| Literature DB >> 35632439 |
Benjamin D Brooks1,2, Alexander Beland3, Gabriel Aguero3, Nicholas Taylor3, Francina D Towne3.
Abstract
Vaccination to prevent and even eliminate disease is amongst the greatest achievements of modern medicine. Opportunities remain in vaccine development to improve protection across the whole population. A next step in vaccine development is the detailed molecular characterization of individual humoral immune responses against a pathogen, especially the rapidly evolving pathogens. New technologies such as sequencing the immune repertoire in response to disease, immunogenomics/vaccinomics, particularly the individual HLA variants, and high-throughput epitope characterization offer new insights into disease protection. Here, we highlight the emerging technologies that could be used to identify variation within the human population, facilitate vaccine discovery, improve vaccine safety and efficacy, and identify mechanisms of generating immunological memory. In today's vaccine-hesitant climate, these techniques used individually or especially together have the potential to improve vaccine effectiveness and safety and thus vaccine uptake rates. We highlight the importance of using these techniques in combination to understand the humoral immune response as a whole after vaccination to move beyond neutralizing titers as the standard for immunogenicity and vaccine efficacy, especially in clinical trials.Entities:
Keywords: B cell epitopes; COVID-19; HLA typing; epitope binning; immune repertoire sequencing; immunogenicity; immunogenomics; titers; vaccine development; vaccine efficacy; vaccine non-responsiveness/poor durability/longevity
Year: 2022 PMID: 35632439 PMCID: PMC9144832 DOI: 10.3390/vaccines10050683
Source DB: PubMed Journal: Vaccines (Basel) ISSN: 2076-393X
Figure 1Representation of vaccine failures. After immunization, a humoral response is generated. A primary vaccine failure occurs when the immune response fails to generate sufficient protection levels, or titers (shown in orange). The immune response level sufficient for protection is shown as the dashed red line. A secondary vaccine failure occurs when protection levels wane.
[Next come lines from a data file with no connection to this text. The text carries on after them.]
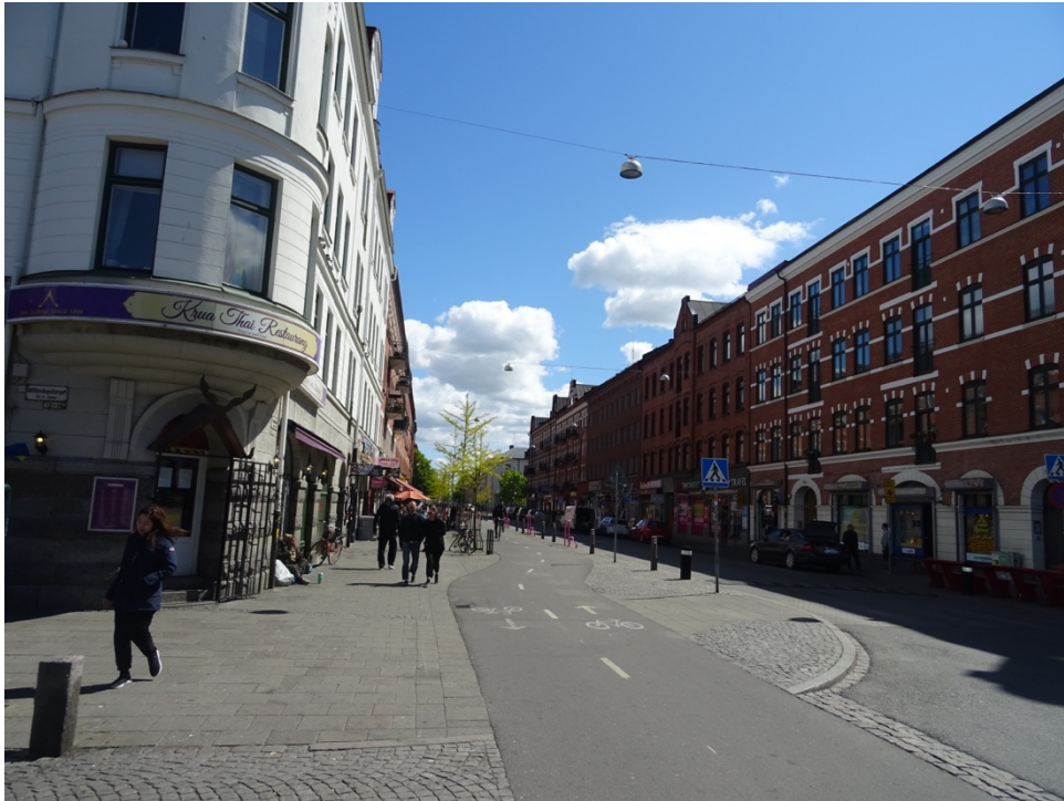
Figur 8. Ystadgatan torsdagen 14 maj 2020, klockan: 11.45.
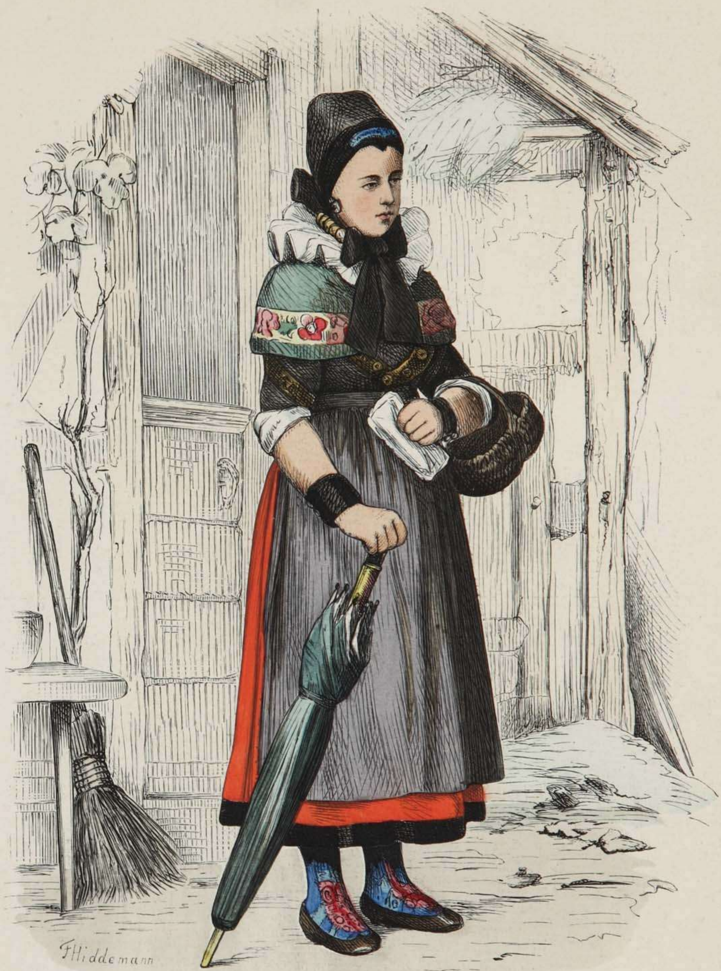
Bäuerin aus Klein-Bremen bei Minden (Westfalen).
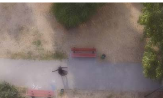
ZUZANNA JANIN: Dance as a Mapping Device (city), 2015, videó, 15 perc

Zuzanna Janin, a Ludwig Múzeum gyűjteményét is gazdagító sokoldalú lengyel művész, főként a videoinstalláció és a szobrászat műfajában járja körül a tér, az idő és a memória kérdéskörét és azok társadalmi vonatkozásait, gyakran építkezve saját életének motívumaiból. A művész az emlékezetet kiindulópontként kezelve, eszközei sokszínűsége és rétegeltsége által annak fizikális és audiovizuális vonatkozásait keresi. A személyes történetek, a családi emlékezet, az idő múlása által ezekben
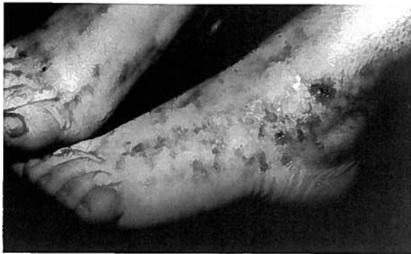
Figura 1: Pigmentação reticulada e estrias atróficas nas regiões maleolares e dorso dos pés.

Observaram deposição de imunoglobulinas e complemento na parede dos vasos da derme superficial, média e profunda cuja hialinização era evidente nos cortes corados pela hematoxilina-eosina e pelo PAS. Eram de IgM os depósitos mais frequentes mas, contrariamente ao que sucedera no trabalho anterior, lograram demonstrar depósitos de IgA, embora em apenas três de dez doentes. Os depósitos de IgA acompanhavam-se sempre de IgG ou IgM, nunca ocorrendo isoladamente. Observaram-se depósitos de fibrina e complemento em todos os doentes estudados e fracções do complemento (Clq, C3, Properdina) em alguns deles. Estes achados levaram os autores a postular um provável mecanismo imunológico para esta afecção. A mesma patogénese foi sugerida por Winkelmann et al., 7 em 1974, numa revisão de trinta e sete casos em que seis se associavam a lupus eritematoso disseminado, periarterite nodosa, artrite reumatóide, síndrome de Sjögren e esclerose sistémica progressiva. Estes autores alargaram o conceito de vasculite livedóide, definindo-a como afecção por imunocomplexos que pode atingir apenas os vasos cutâneos ou afectar igualmente outros territórios, comportando-se como doença sistémica. Este conceito foi perfilhado por Posternak et al. 8 em 1977, a propósito de um novo caso.
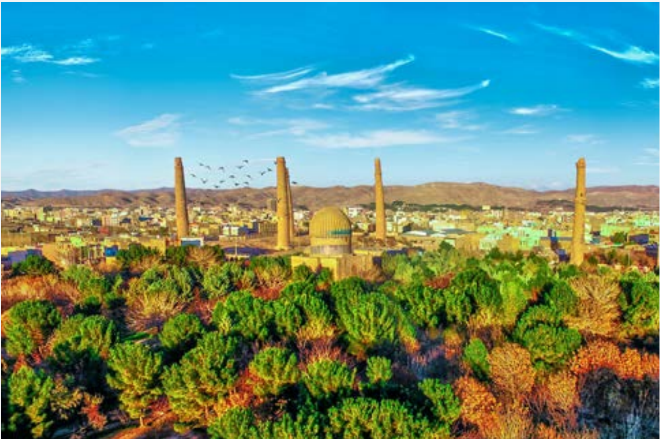
Vista di HERAT , città natale di Sonita Alizadeh
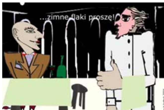
Rys. Wiesław B. Boltryk
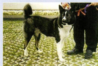
Oost Siberische Laika teef.
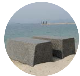
11 ねそべり石／山口牧生
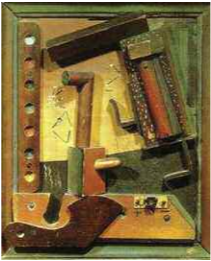
5. Max Ernst, Fruit d'une longue expérience , 1919. Coll. privée.
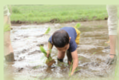
収穫が楽しみですね♪
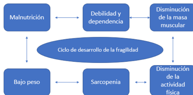
Ciclo de desarrollo de fragilidad, imagen adaptada de Hernández et al., 2018

Teniendo claro lo anterior, un aspecto clave para el desarrollo de la fragilidad son los factores dietéticos, el estado nutricional es la clave y varios estudios muestran relación entre el estado nutricional, la ingesta de nutrientes y el desarrollo de fragilidad. Los aspectos más importantes son el aporte calórico, la cantidad y calidad de proteínas en la dieta y los niveles de algunos micronutrientes como vitamina D y calcio (Morley et al., 2013). El estudio de Bartali et al., dice que la baja ingesta de energía se asocia con un mayor riesgo de desarrollar fragilidad, así como una inadecuada ingesta de proteínas, vitamina D, vitamina E, vitamina C, y vitamina B9. En este punto cabe destacar el papel fundamental de la ingesta de proteínas. Kobayashi et al., en su estudio llegó a la conclusión de que independientemente de la fuente y de la composición de aminoácidos, hay una relación inversa entre la ingesta de proteínas y la fragilidad, es decir, a un mayor consumo de proteínas, un menor desarrollo de la fragilidad.
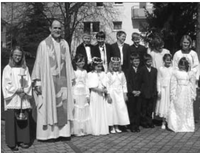
Erstkommunionfeier am Weißen Sonntag in der Kirche Maria-Frieden

Freitag, 23. April 18.30 Uhr Rosenkranz 19 Uhr Eucharistiefeier 19.45 Uhr Ortsausschusssitzung
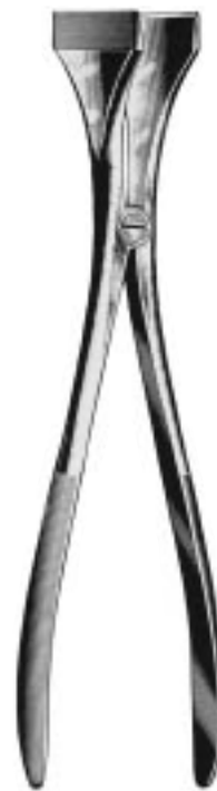
HENNING 21.0120 27 cm
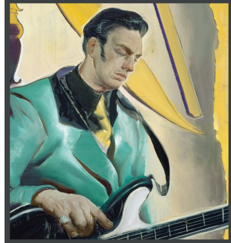
Neo Rauch, Rauch , 2005

«You don't have to understand them, just to feel that this creation, to the greatest possible extent, is at peace with itself», The Word Magazine
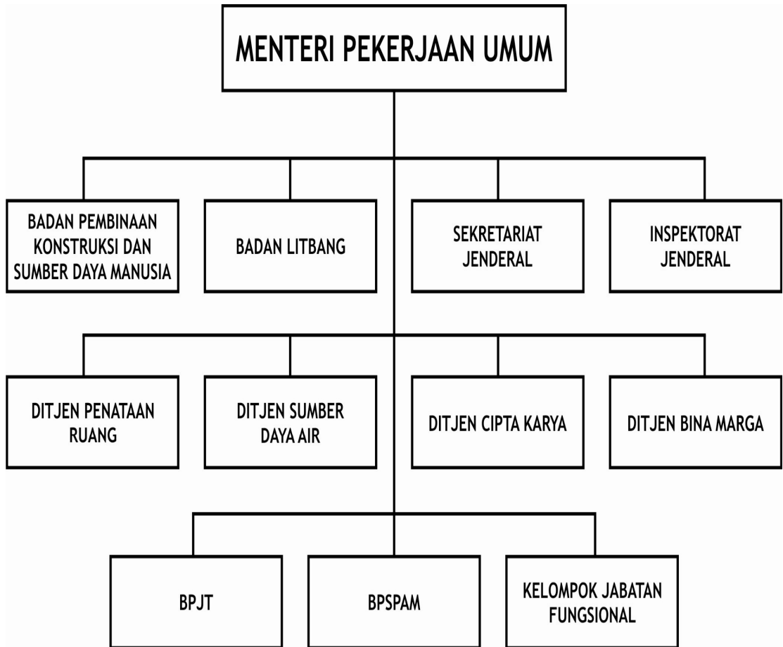
Gambar IV.1 Struktur Organisasi Departemen Pekerjaan Umum
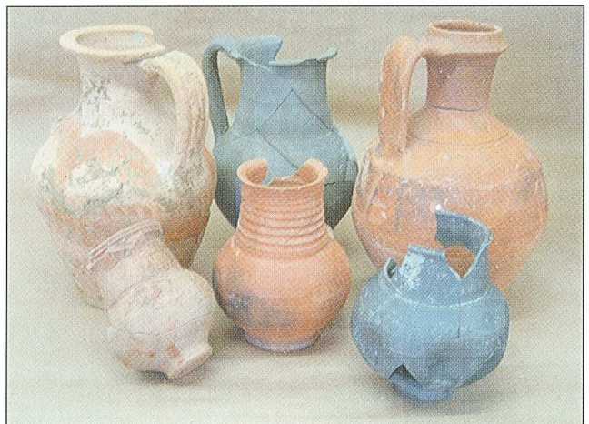
Sl. 3.2. posude, keramika, 2.-3. st.
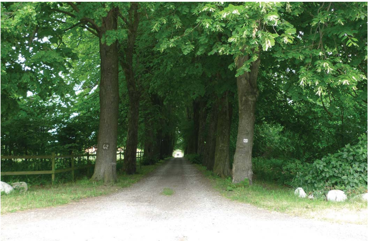
Karakterfuld allé markerer indkørslen til en af udflyttergårdene
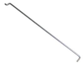
Reglerstange DM 200
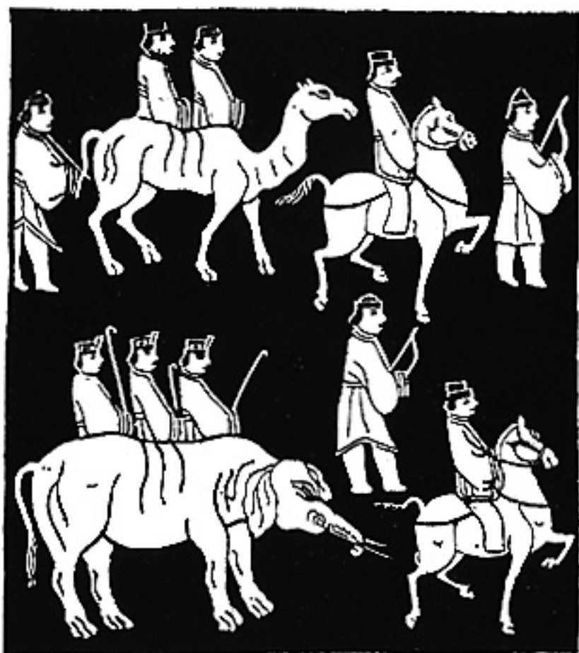
Pergamino chino estampado en piedra (siglo II a. de J. C.)
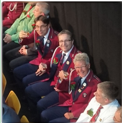
Üsi Veteranen 🤗🎉

Figure 2Steps in epitope characterization assays for characterizing the vaccine-induced humoral response. Step 1. Antibodies to microbial protein targets are generated. Step 2. Epitope binning assays are performed using monoclonal antibodies generated in step 1. Step 3. A heat map is generated from the epitope binning, or cross-competition assays. Step 4. Dendrogram from the heat map is generated. Step 5. A community plot is generated from the dendrogram, which groups antibodies by their epitope binding regions. Step 6. A panel of antibodies with broad coverage of all the epitopes on microbial targets is generated. Step 7. Patients are immunized, and plasma at time points are collected. Step 8. Plasma flows over the reference panels from step 6 on a biosensor where the bound epitopes are identified. Step 9. The patient’s humoral response by epitope is generated, identifying which epitopes have coverage. Neutralizing sites or profiles at the epitope level can then be identified by comparing them to neutralization assay results (not in a one-on-one relationship).
Figure 3B cell sequencing steps. Step 1. Immunization is administered generating a humoral response. Step 2. PBMCs are collected, and DNA sequencing is performed on B cells. Step 3. Recombinant antibodies are generated and tested for neutralizing. Step 4. The epitopes of the recombinant antibodies are identified using epitope characterization and analyzed with neutralization data. Step 5. The vaccine is modified to improve humoral response.